Census: Residents fleeing Baltimore in record numbers
Since 2015, Baltimore has experienced a record loss of population, according to the US Census Bureau. The reasons are plain enough, according to Dan Rodricks of the Baltimore Sun:
An insane rate of shootings and homicides; the continued movement of families to the suburbs, something reflected in declining school enrollment; the persistent image of lawlessness since the April 2015 unrest; the shortage of police officers, low morale among cops who remain on the job, the turnover among commissioners; weak or uneven political leadership, and, as always, a property tax rate double the rate in the counties.
How bad is the exodus?
New annual estimates from the US Census Bureau show that Baltimore is continuing to shed inhabitants, bringing the overall population of Maryland’s biggest city down to what it was over 100 years ago.
The latest Census data shows that Baltimore lost more than 7,300 citizens during the 12 months that ended July 1. That’s a loss of 1.2% of the city’s population. It’s the fourth straight year of population decline for Baltimore while rival counties are attracting newcomers.
Baltimore has been hemorrhaging residents for a long time. In 1950, it was America’s sixth most populous city, a manufacturing dynamo with nearly a million residents, many employed by Bethlehem Steel. Over decades, with factories closed and “white flight” in the 1960s and ’70s followed by waves of “black flight,” it’s since shrunk to the country’s 30th largest.
Census data released Thursday suggests the city’s population is now just over 600,000 people. The population of the metropolis nicknamed “Charm City” stood at roughly 730,000 in 1920.
Of course, Baltimore isn't alone as far as US cities losing population. But it is unique in that city leaders appear to be trying their utmost to hasten its decline. Raising taxes instead of cutting them, hamstringing the police instead of allowing them to stem the violence, corrupt political leadership - it's a recipe for disaster.

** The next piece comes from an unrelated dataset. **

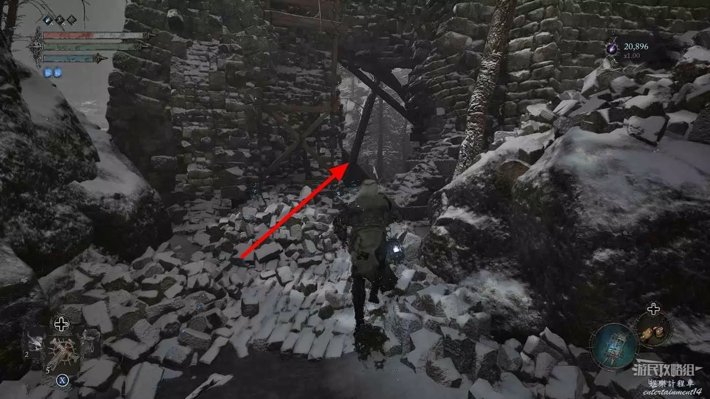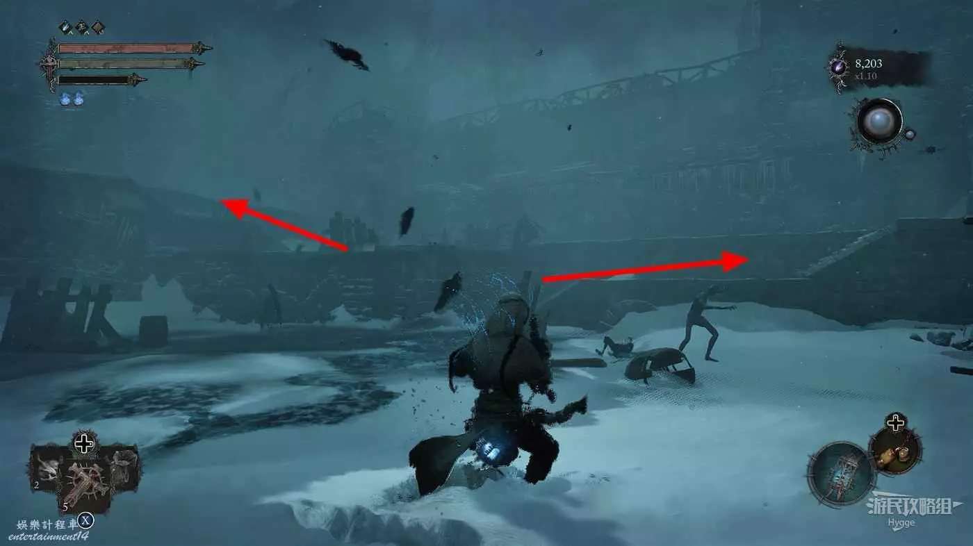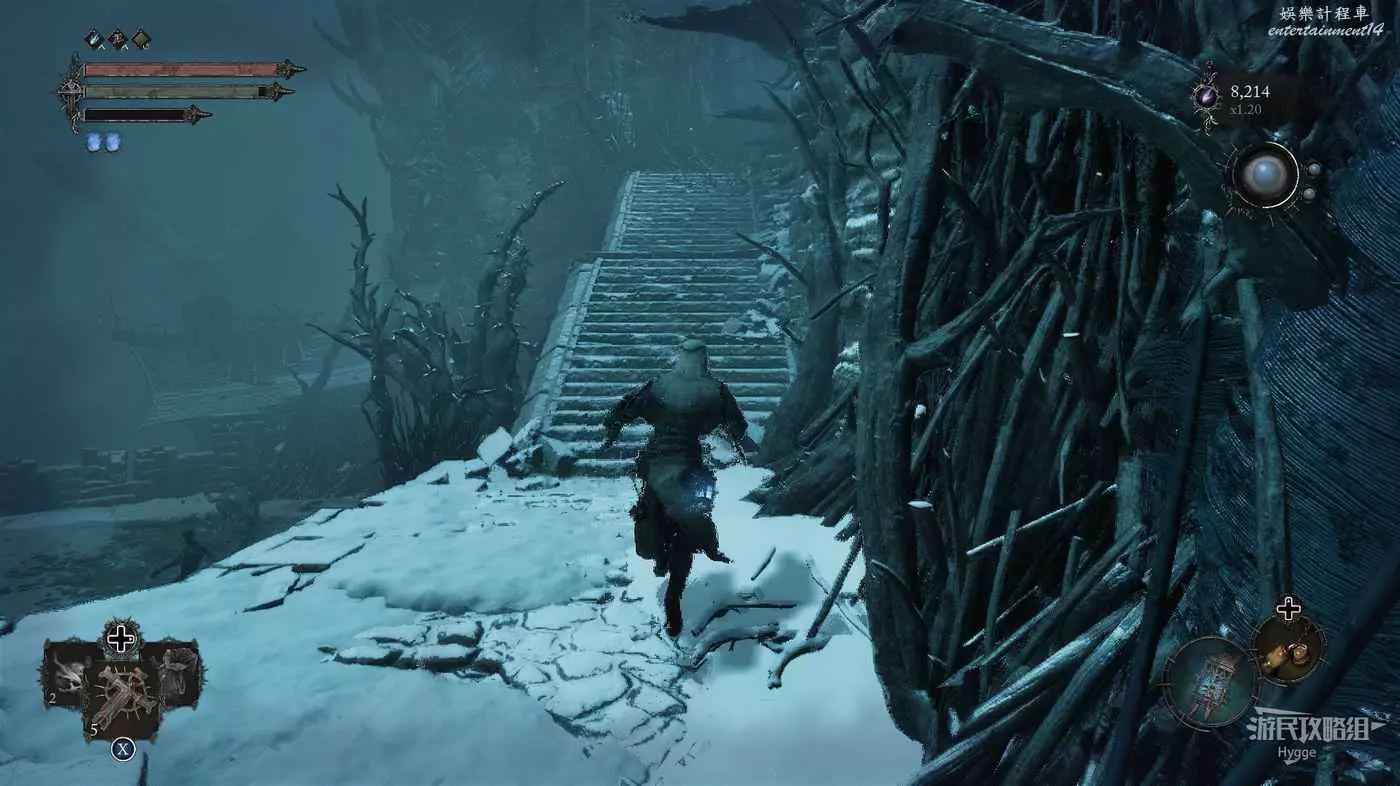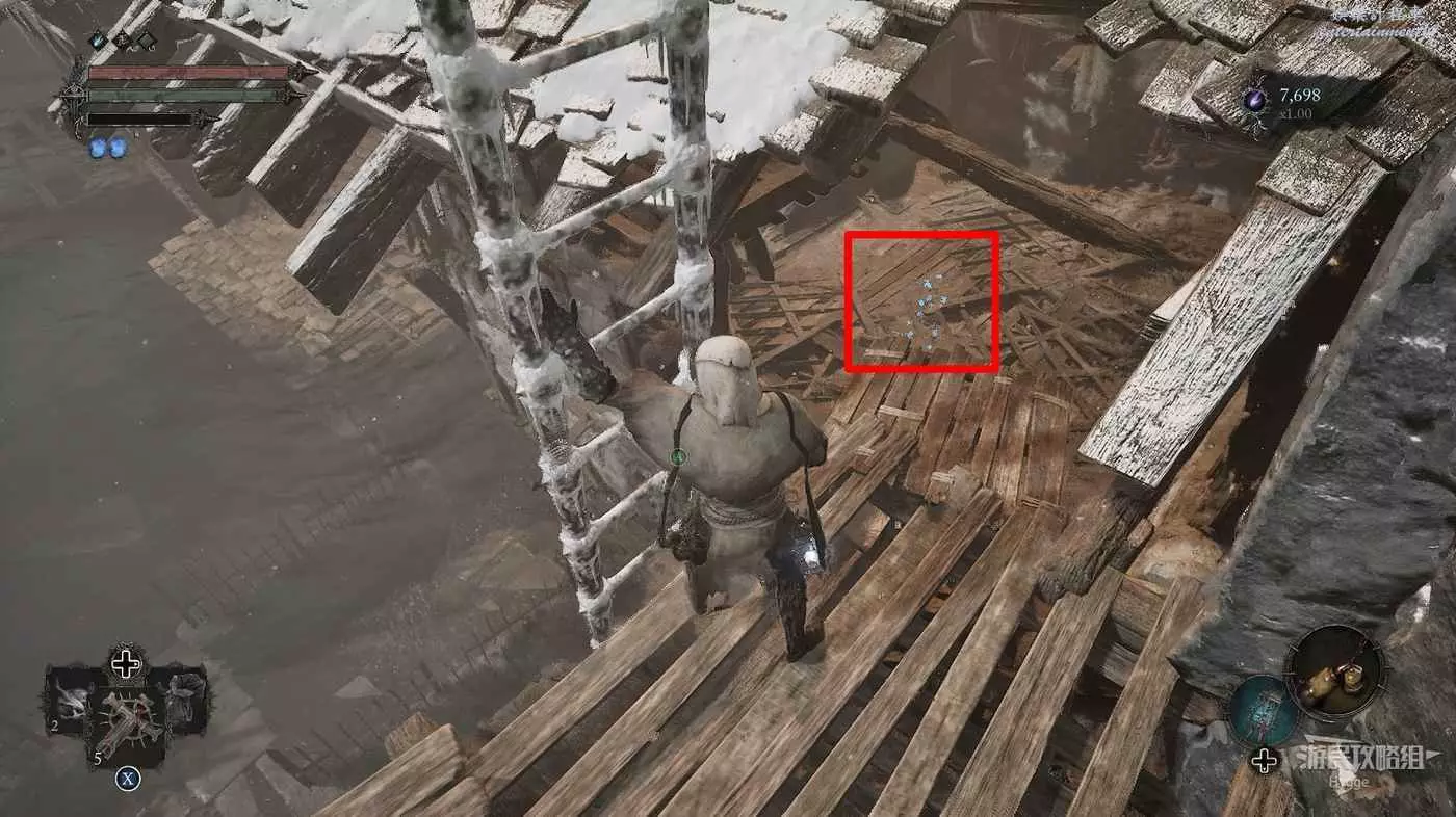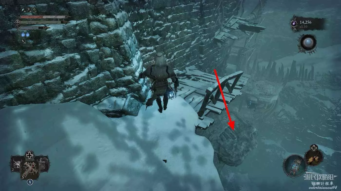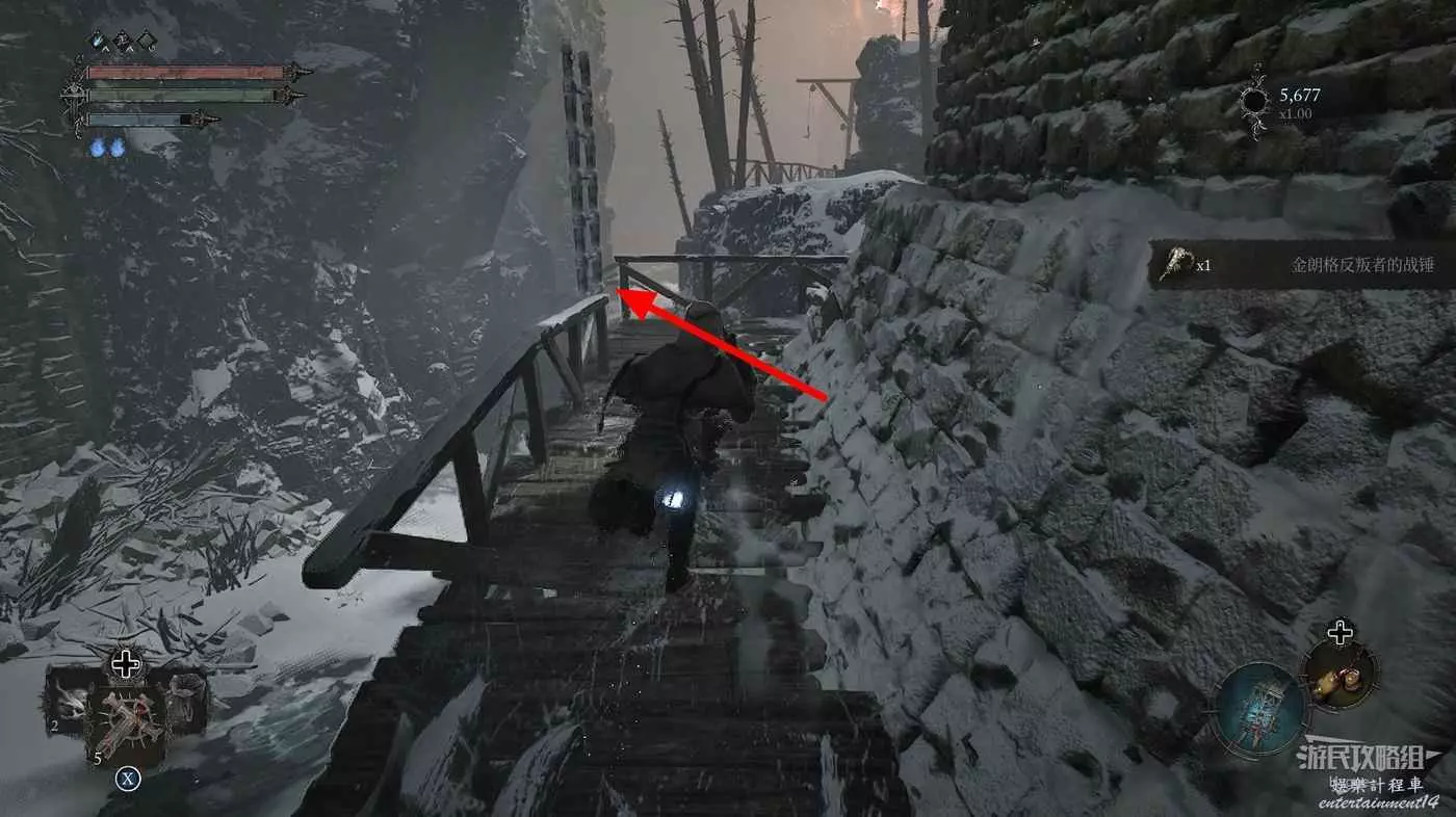 在前方被封堵住的城門旁拿到投擲武器【強化切割飛刀】後從旁邊的梯子向上正式進入寒冰詛咒之地。

So how to fix it? Rodricks wants the city to go all Angela Merkel:
Recruiting and welcoming immigrants was the best idea former Mayor Stephanie Rawlings-Blake had. So let’s go. Let’s renew that effort, with gusto. Why not create a city-supported group to interview migrant families at the border and suggest they settle here? There are several Maryland-based, immigrant-support organizations that could help with that effort. The state’s congressional delegation could say to the Trump administration: OK, we’ll take some of the migrant families held at the border, but we need federal subsidies for transportation, housing, job placement, public education for children and language classes for adults.
Why not set aside some city-owned, abandoned rowhouses and sell them to immigrant families that, like local families already in the program, establish stable incomes and agree to work with Habitat for Humanity of the Chesapeake to renovate and inhabit them? Follow Baltimore’s previous dollar-house model: Require families who get this benefit to live in the home for at least five years and, further, to enroll their kids in city schools.
Former German Chancellor Angela Merkel tried the exact same thing and not only lost her job, but changed the character of Germany forever. But specifically, who does Rodricks think is knocking on the door at the border to get in? College educated, middle class refugees? Or poor, uneducated migrants with few job skills?
I have no doubt many of those migrants are eager to work. They walked all the way here, most of them, and studies show that given the opportunity, they'd be taxpaying contributors to society.
But they would still be a drain on local and federal resources. For how long is hard to say. Some would certainly need public assistance for the rest of their lives. This has been the experience of European countries that welcomed millions of migrants. At the very least, it's something that should be seriously considered before Baltimore takes Trump up on his offer for migrants to settle there.